Instructions for the task. Starting from the line with "2021年名校课堂内外七年级数学上册沪科版安徽专版", please copy exactly every line to the end of the listing, but not the pictures.

Collected data.
○ ○ ○ ○ ○

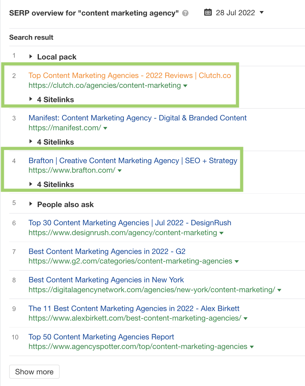 For our purposes, we’ll define a “list” as any Google search result that compares, ranks, or evaluates multiple businesses. An example is something like, “8 best coffee grinders of 2022.” A Clutch directory listing for “Top Content Marketing Agencies” would also apply.
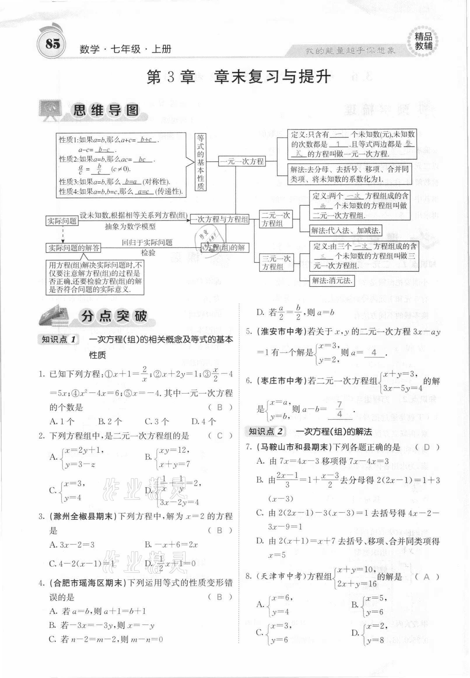 2021年名校课堂内外七年级数学上册沪科版安徽专版
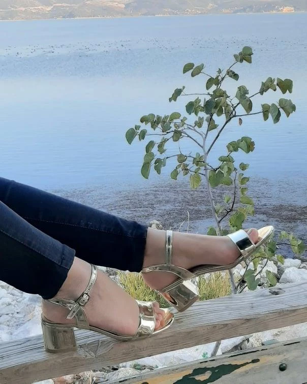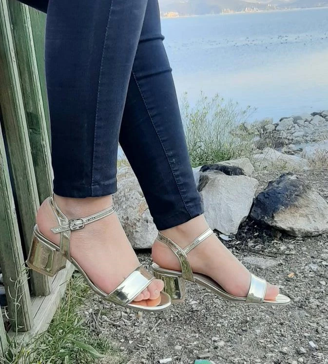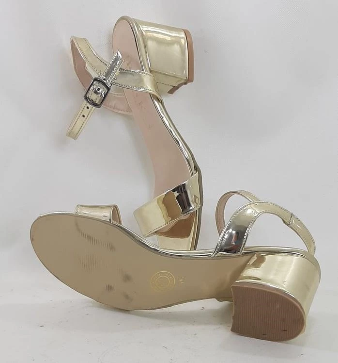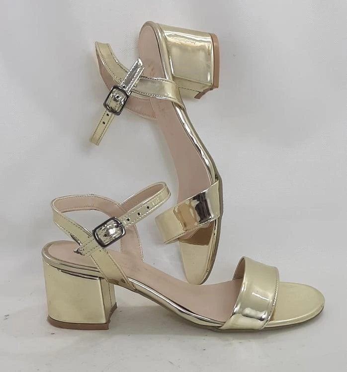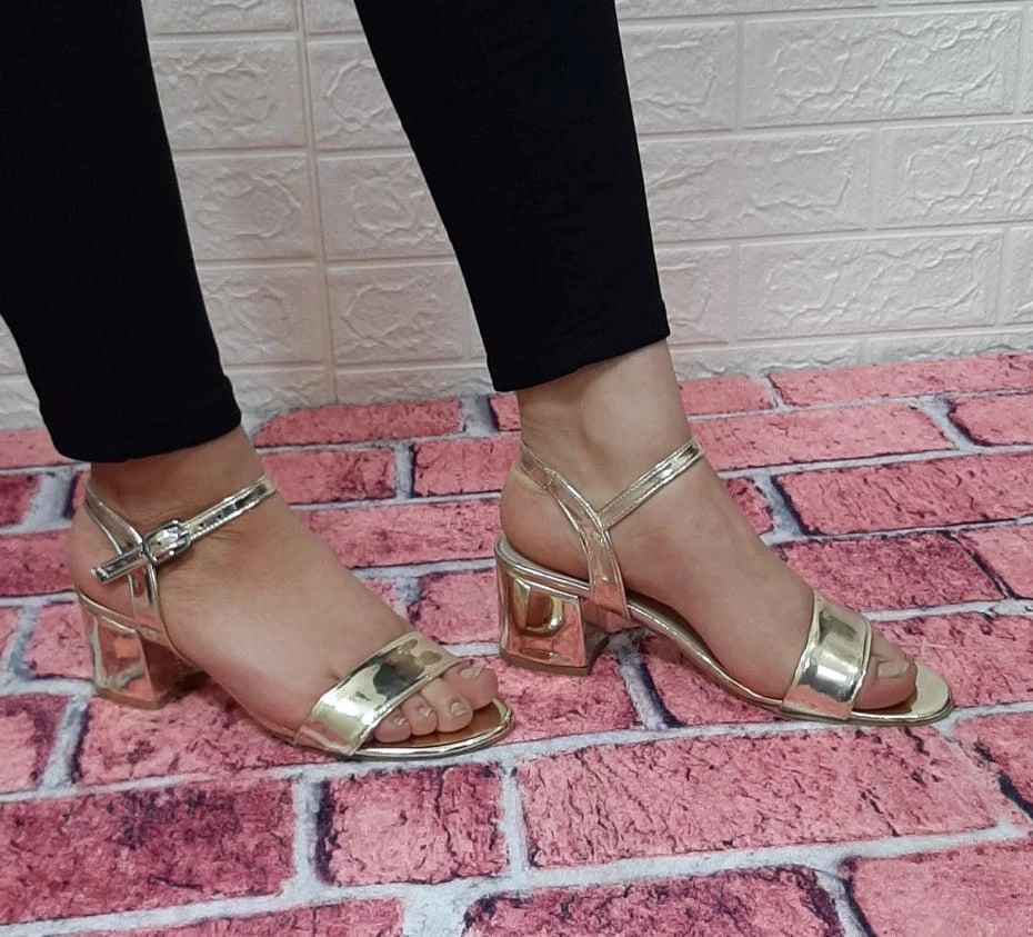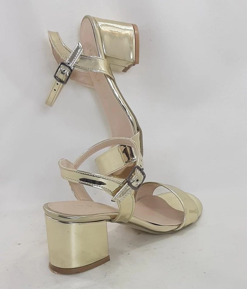 Dore Renk Aynalı 5cm Kare Topuk Tek Bant Topuklu Ayakkabı Dore 35

○ ○ ○ ○ ○

Answer to the exercise.
 2021年名校课堂内外七年级数学上册沪科版安徽专版
 Dore Renk Aynalı 5cm Kare Topuk Tek Bant Topuklu Ayakkabı Dore 35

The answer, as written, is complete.